Please copy exactly the part of the records below that opens with the line containing "Djauvik ordlek t-shirt" and closes with the line containing "Voir le nfo", leaving out any pictures.

- Data under study -
%%
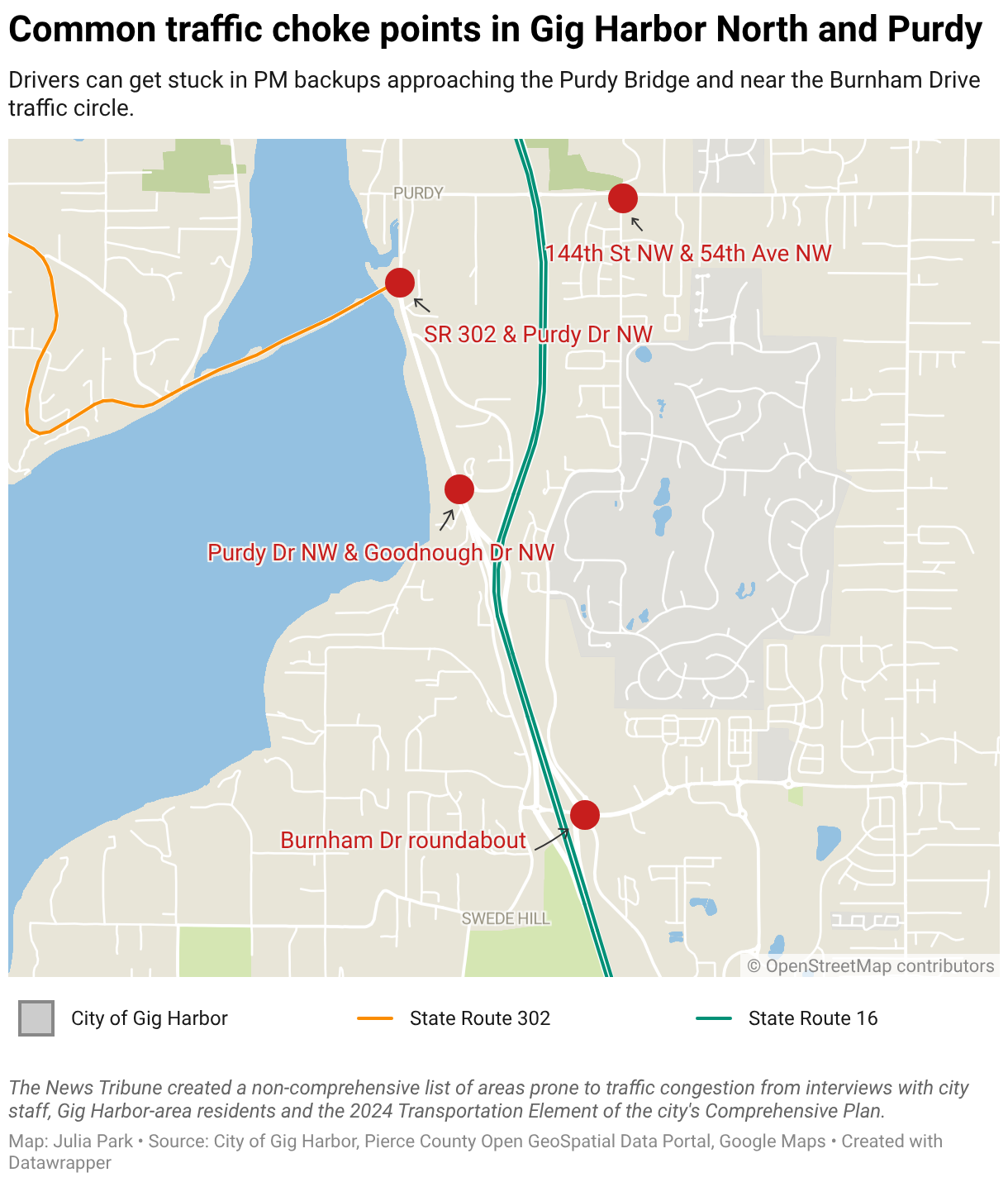 Drivers can get stuck in PM backups approaching the Purdy Bridge and near the Burnham Drive traffic circle.
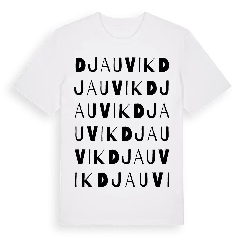 Djauvik ordlek t-shirt är inspirerad av Djauvik i Gotlands län, Sverige. Tröjan är designad för dig som har en speciell koppling till platsen – oavsett om du bor här, har rötterna här eller bara älskar Djauvik.
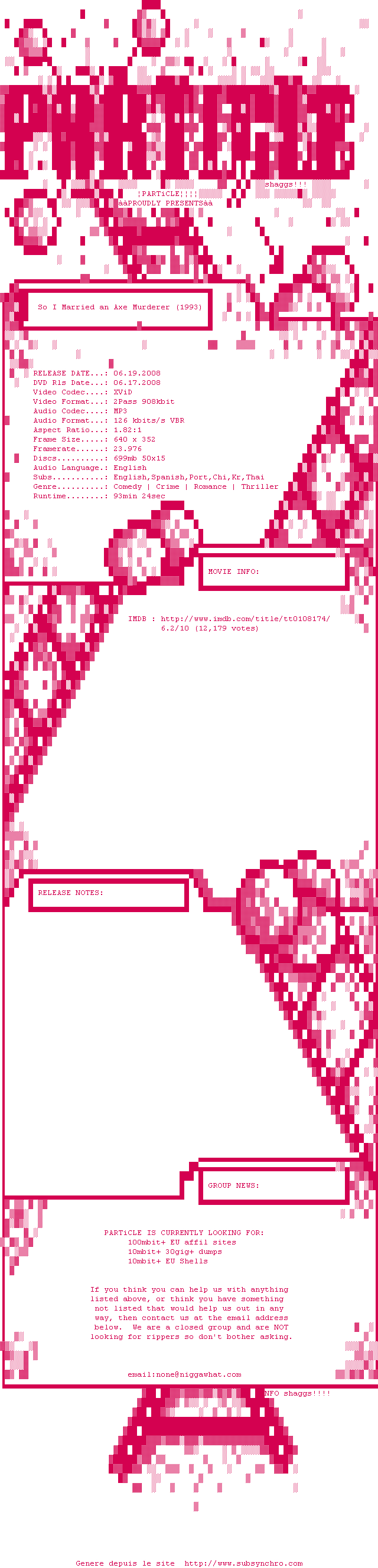 Voir le nfo de la release So.I.Married.An.Axe.Murderer.1993.SE.iNTERNAL.DVDRip.XviD-PARTiCLE
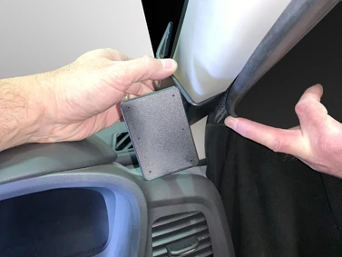 Press the upper part of the ProClip rightward so the angled edge hooks around the A-post.
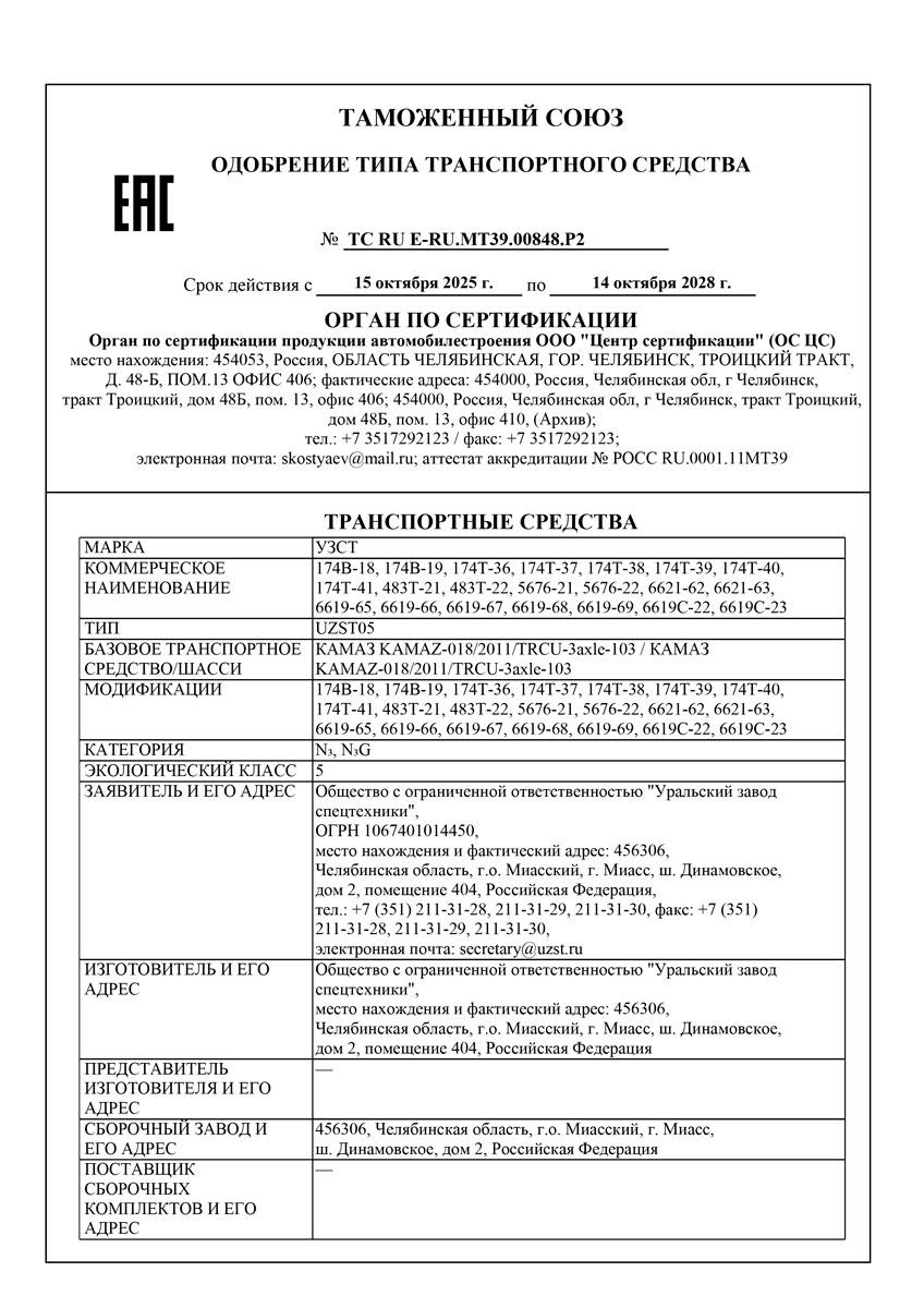 | ТС RU Е-RU.МТ39.00846.Р2 (Евро-5) |
%%
- Answer section -
 Djauvik ordlek t-shirt är inspirerad av Djauvik i Gotlands län, Sverige. Tröjan är designad för dig som har en speciell koppling till platsen – oavsett om du bor här, har rötterna här eller bara älskar Djauvik.
 Voir le nfo de la release So.I.Married.An.Axe.Murderer.1993.SE.iNTERNAL.DVDRip.XviD-PARTiCLE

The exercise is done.